杨景澜静立片刻,忽而轻笑一声,那笑声里满是萧索:
“父为子隱,子为父隱——直在其中矣。”
他望向两位老者,眼中最后一点光也寂灭了:
“今日方知,这『直』……原不过是我们父子一厢情愿的痴念。”
“哼!”左侧老者冷哼一声,別过脸去,不再言语。
右侧老者则默然垂目,仿佛泥塑。
“好一个『父为子隱,子为父隱』。”
一道清朗的男声自三人身后传来。
三人驀然回首,只见一名白衣男子不知何时已立於殿中,手持一柄星光流转的金鞭,正是天纲正仪金鞭。

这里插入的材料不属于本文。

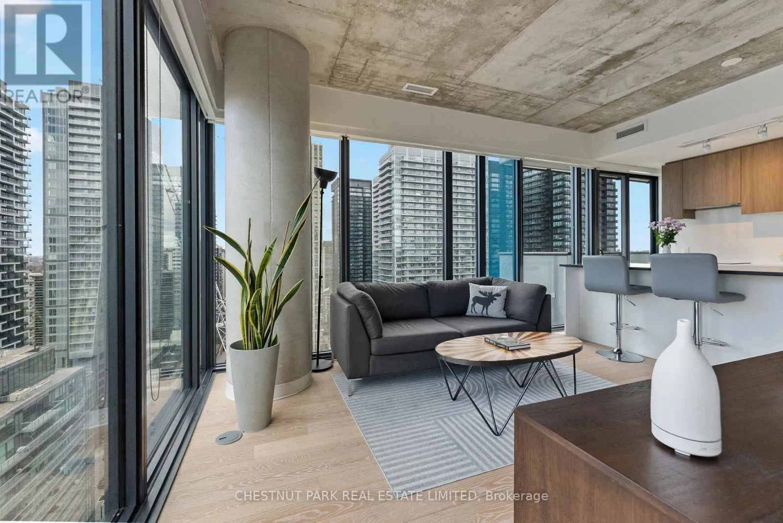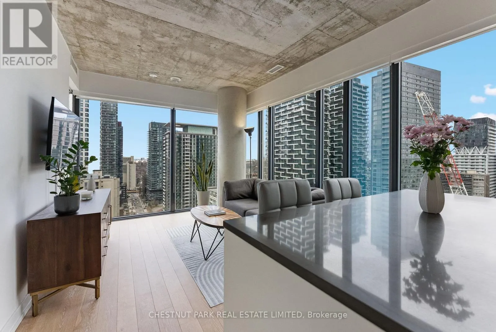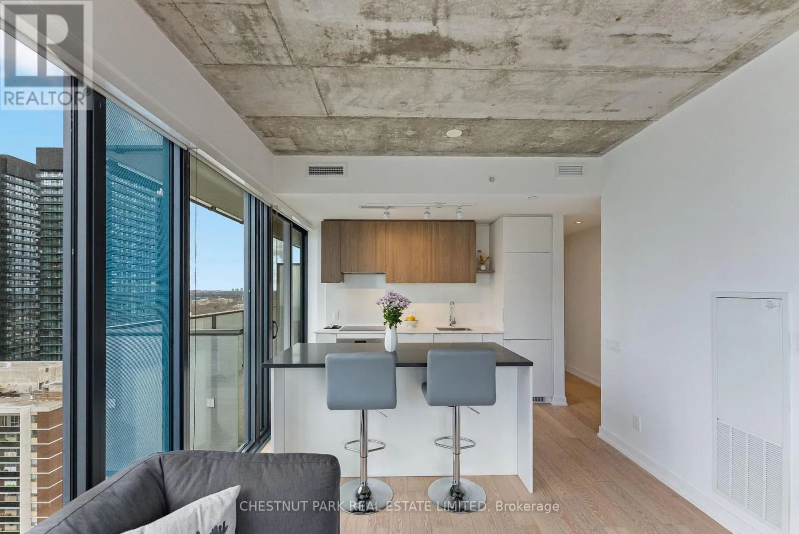 Mt Pleasant / Eglinton Suite 2303 at 161 Roehampton Avenue presents an exceptional opportunity to own a truly elevated corner residence in the heart of Yonge and Eglinton; one of Midtown Toronto's most dynamic and well-connected neighbourhoods. Developed by the acclaimed Freed Developments in 2020, the building is surrounded by stately multi-million dollar homes and set within a mature, highly desirable community known for its outstanding schools, including Eglinton Junior Public School, Hodgson Middle School, and North Toronto Collegiate Institute. The new Eglinton Crosstown LRT is steps from your door, Yonge-Eglinton TTC Station is just minutes away, and downtown Toronto is a short 15-minute subway ride away. Suite 2303 is a meticulously maintained corner unit offered by its original owner, boasting over $25,000 in developer and custom upgrades. Spanning 681 square feet of interior space plus an 80 square foot open balcony, the suite features floor-to-ceiling glass on two walls, exposed concrete ceilings, and unobstructed north and west exposures delivering abundant natural light and breathtaking sunset views. 5" hardwood flooring, a custom-built island, blackout roller blinds in both bedrooms, and 3% shade rollers throughout the living areas complete the finishes. Both bedrooms are true exterior rooms, and the primary features a four-piece ensuite. Building amenities include The Cave games room with golf simulator, fitness centre, eighth-floor outdoor pool, spa with sauna, and two rentable guest suites. One parking space and one storage locker included. This is a rare opportunity to own a beautifully upgraded corner suite with sunset views in one of Midtown Toronto's most established communities. (id:27476)
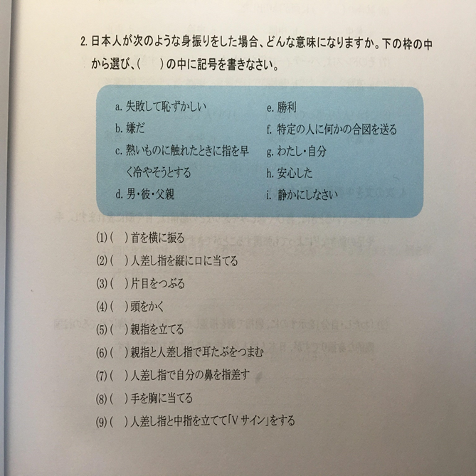 けれども、同じ身振りでも、国や民族によって意味が違う場合があります。例えば、「親指を立てる」のは、多くの国では「オーケー、よい、最高だ」という意味を表しますが、日本では「男、彼、父親」などを表します。息子が友人に親指を立てて「これにどなられた」と言えば、「父親に大きな声で叱られた」ということです。また、「親指と人差し指で耳たぶをつまむ」のは、ほとんどのアジア諸国やアメリカ合衆国などでは「よく聞きなさい」とか、あるいは「聞こえない」など、聞くことに関係のある身振りですが、日本や韓国では、熱い物に触れた時に指を早く冷やそうとする動作です。

“杨景致!”左侧老者瞳孔骤缩,从齿缝间挤出这个名字。
纵然如今已向灵明低头,可面对昔日道敌,那份积年的敌意仍如毒藤缠心,难以平静。
右侧老者却抬眼看向那金鞭,枯瘦的脸上竟浮起一丝极淡的笑意:
“看来灵明……未曾骗我。”
“天纲正仪金鞭……我父王他……果真”杨景澜双眼通红,泪水在眶中打转。
虽先前已信了七八分,可此刻亲眼见到此物握於他人之手,最后那点侥倖也彻底碎裂。
杨景致手持金鞭,星光在他指间流淌如泪。
他望著杨景澜,声音平静,可落在杨景澜耳中却近乎残酷:
“他在青华天门之外,持此鞭——自碎灵台。”
殿中死寂。
杨景澜踉蹌半步,忽然仰天大笑,笑至呛咳,眼中却无泪:
“君子病无能焉,不病人之不己知也!”
接著他笑声忽止,直视杨景致:
“自古皆有死,民无信不立。”
右侧老者闭目长嘆。左侧老者却嘶声道:“死到临头,还念这些迂腐句子!”
杨景致却微微摇头,看向手中金鞭:
“你父守的,从来不是幽冥,也不是灵明。”
他抬起眼,目光如古井:
“他守的,是当年开明真君留下的那句祖训——『杨氏子孙,永镇南疆,非死不退』。”
他向前一步,星光自鞭身洒落,照亮杨景澜苍白的脸:
“所以他寧可在天门外交出金鞭、自碎灵台,崩解神通,也不肯活著回来,亲眼看著南疆……改姓易帜。”
杨景澜浑身一震,所有言语哽在喉间。
“可你父子皆错了。”杨景致声音沉缓,“真君要你们守的,从来不是这方王座与这方土地,而是灵明之理念。可你们守到最后,眼里只剩王座与这方土地。”
他忽然將金鞭往地上一顿——
星光如涟漪盪开,殿外那封锁太虚的“九曜镇虚阵”悄然消散。
“我不杀你。”杨景致向前,白衣拂过冰冷的金石地面,“我已向仙府求情,已然准你携亲眷迁居建康,入建康云台书院为一教习——只是此生,不得再踏足南疆。”
路过杨景澜身旁时,他脚步微顿,留下一句:
“君子不器。”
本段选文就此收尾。